Problem description:
When you repeat the listing below, keep every word exactly and leave out each picture.

Records provided:
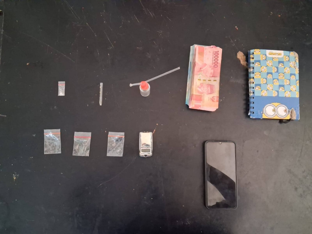 Petugas menangkap tersangka saat sedang duduk menunggu pembeli di pinggir jalan. Selanjutnya dilakukan penggeledahan di tempat tinggal tersangka dan berhasil diamankan barang bukti berupa sabu seberat brutto 0,14 gram, timbangan digital, alat hisap, uang tunai Rp5 juta, handphone, serta buku catatan transaksi penjualan narkoba.
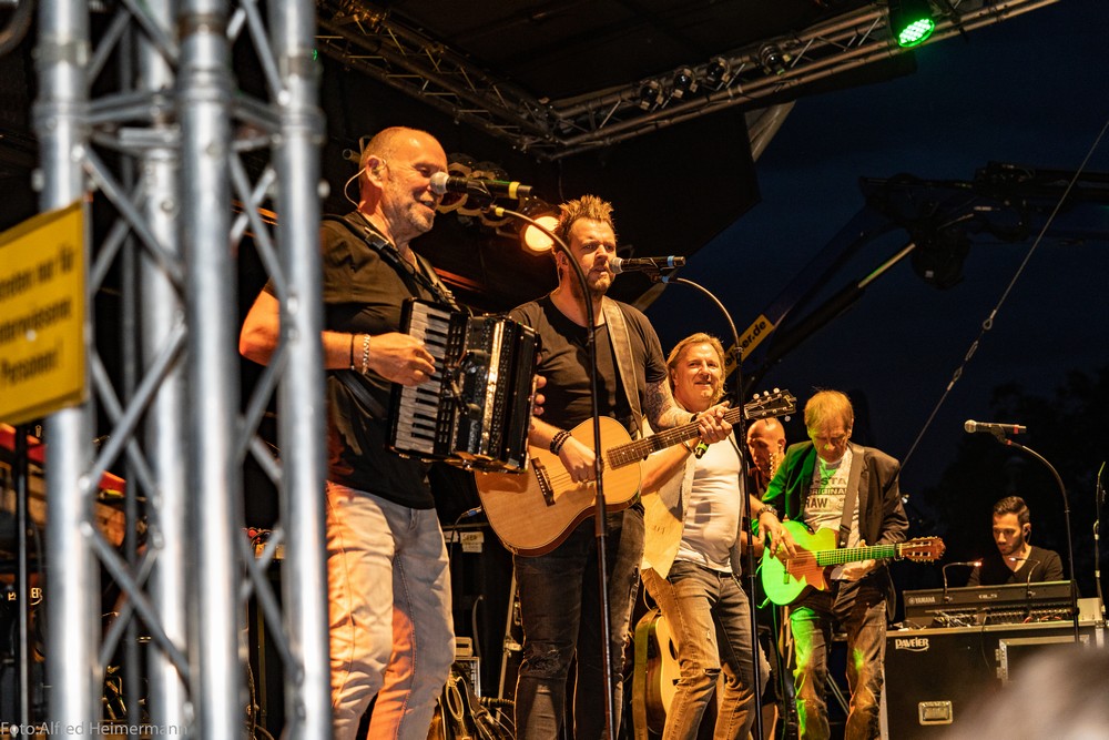 14. Kult-Openair Westerwaldsterne Uckerath 2019 Hotel Landsknecht Nur ein paar Regentropfen kamen vom Himmel, als die Paveier um 21 Uhr die Bühne auf dem Openairplatz vom Hotel Landsknecht betraten. Vorher brachte die Coverband "Fünfgestalten" das Publikum mit BAP Songs in Stimmung. Beim Auftritt der Paveier sang der ganze Platz kräftig deren Lieder mit. Viele Zugaben musste die Band geben, bevor sie gegen 23 Uhr die Bühne verliesen. Schade, dass der Instrumentenverteiler der Band mich anschnautze, weil ich auf der Bühne im Hintergrund Fotos machte, wie bei allen vergangenen Openairs. Noch keine Gruppe hat sich so verhalten, ein Zeichen von Arroganz! Schade, hatte ich nicht von der Band erwartet. |
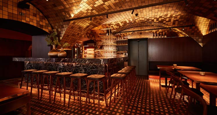 Gleich auf den ersten Blick besticht diese durch eine faszinierende Architektur und Bauweise. Die patinierten Messingmosaikplatten zieren die gesamte Gewölbedecke des Haupt- und Nebenraumes und sind der Eye-Catcher schlechthin. Das Unternehmenslogo des Hauses Koller + Koller etwa, welches eine tanzende Fee und einen Hahn zeigt und ein Design der in Barcelona lebenden Grafikkünstlerin Cristina Spano ist, wurde vereinzelt auf den Mosaikfliesen integriert und trägt zum einmaligen Charakter des Raumes bei.
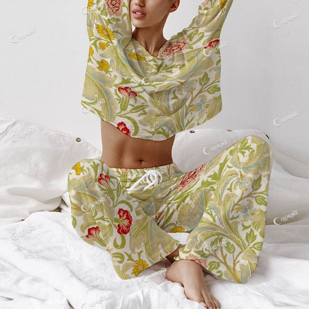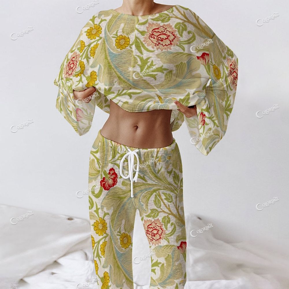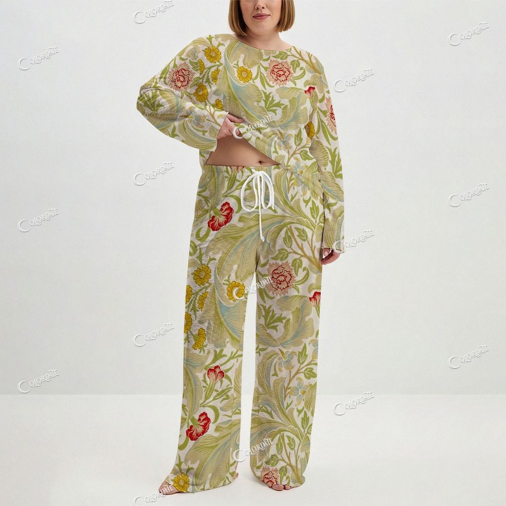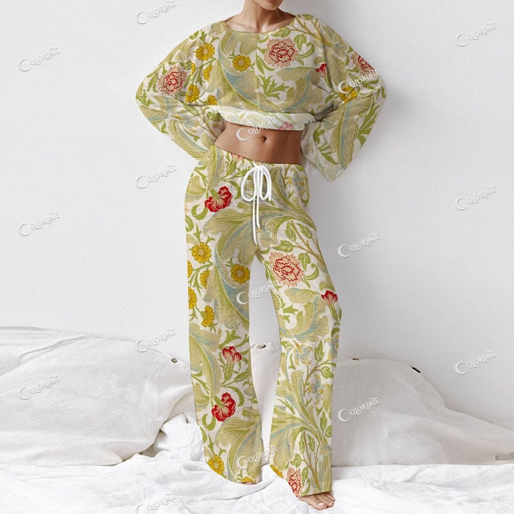 Women's Vintage Botanical Print Long Sleeve Cotton Homewear Set
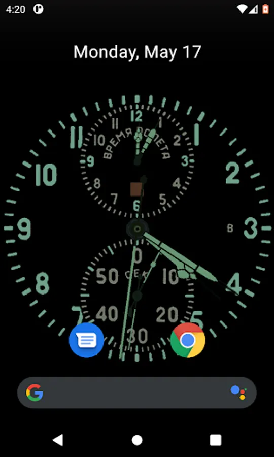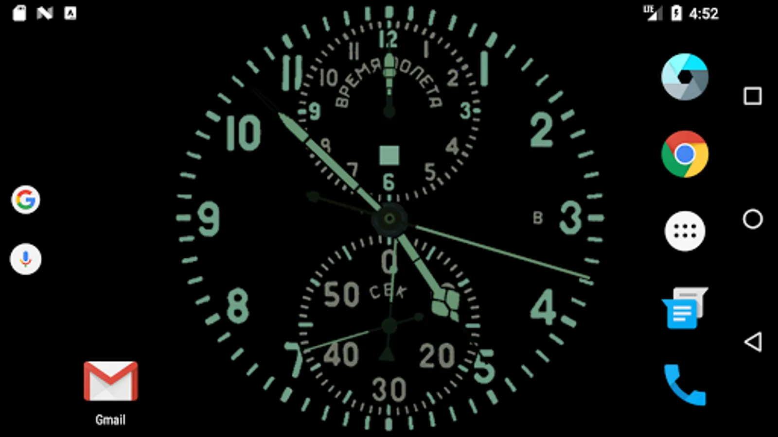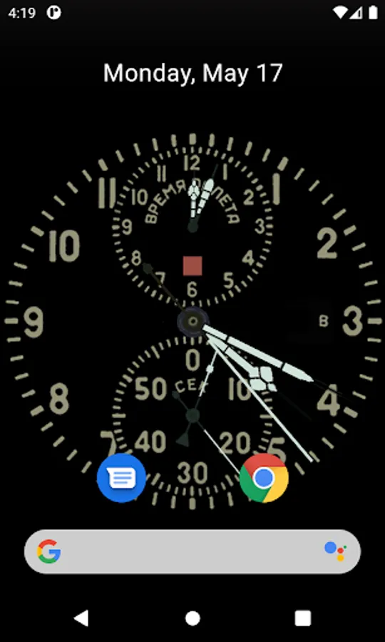Wallpaper for android devices in the form of an aircraft desk analog clock with second hand and two timers. The timers are toggled between on/off/reset with a double tap in the region of the corresponding timer face. The clock is following closely the looks of the famous ACS-1 which was on board of all Soviet aircrafts and can be found even nowadays. The face is black, the hands and marks are whitish. In low ambient light the face and hands turn to greenish like in the real clock.

Your solution:
 Petugas menangkap tersangka saat sedang duduk menunggu pembeli di pinggir jalan. Selanjutnya dilakukan penggeledahan di tempat tinggal tersangka dan berhasil diamankan barang bukti berupa sabu seberat brutto 0,14 gram, timbangan digital, alat hisap, uang tunai Rp5 juta, handphone, serta buku catatan transaksi penjualan narkoba.
 14. Kult-Openair Westerwaldsterne Uckerath 2019 Hotel Landsknecht Nur ein paar Regentropfen kamen vom Himmel, als die Paveier um 21 Uhr die Bühne auf dem Openairplatz vom Hotel Landsknecht betraten. Vorher brachte die Coverband "Fünfgestalten" das Publikum mit BAP Songs in Stimmung. Beim Auftritt der Paveier sang der ganze Platz kräftig deren Lieder mit. Viele Zugaben musste die Band geben, bevor sie gegen 23 Uhr die Bühne verliesen. Schade, dass der Instrumentenverteiler der Band mich anschnautze, weil ich auf der Bühne im Hintergrund Fotos machte, wie bei allen vergangenen Openairs. Noch keine Gruppe hat sich so verhalten, ein Zeichen von Arroganz! Schade, hatte ich nicht von der Band erwartet. |
 Gleich auf den ersten Blick besticht diese durch eine faszinierende Architektur und Bauweise. Die patinierten Messingmosaikplatten zieren die gesamte Gewölbedecke des Haupt- und Nebenraumes und sind der Eye-Catcher schlechthin. Das Unternehmenslogo des Hauses Koller + Koller etwa, welches eine tanzende Fee und einen Hahn zeigt und ein Design der in Barcelona lebenden Grafikkünstlerin Cristina Spano ist, wurde vereinzelt auf den Mosaikfliesen integriert und trägt zum einmaligen Charakter des Raumes bei.
 Women's Vintage Botanical Print Long Sleeve Cotton Homewear Set
Wallpaper for android devices in the form of an aircraft desk analog clock with second hand and two timers. The timers are toggled between on/off/reset with a double tap in the region of the corresponding timer face. The clock is following closely the looks of the famous ACS-1 which was on board of all Soviet aircrafts and can be found even nowadays. The face is black, the hands and marks are whitish. In low ambient light the face and hands turn to greenish like in the real clock.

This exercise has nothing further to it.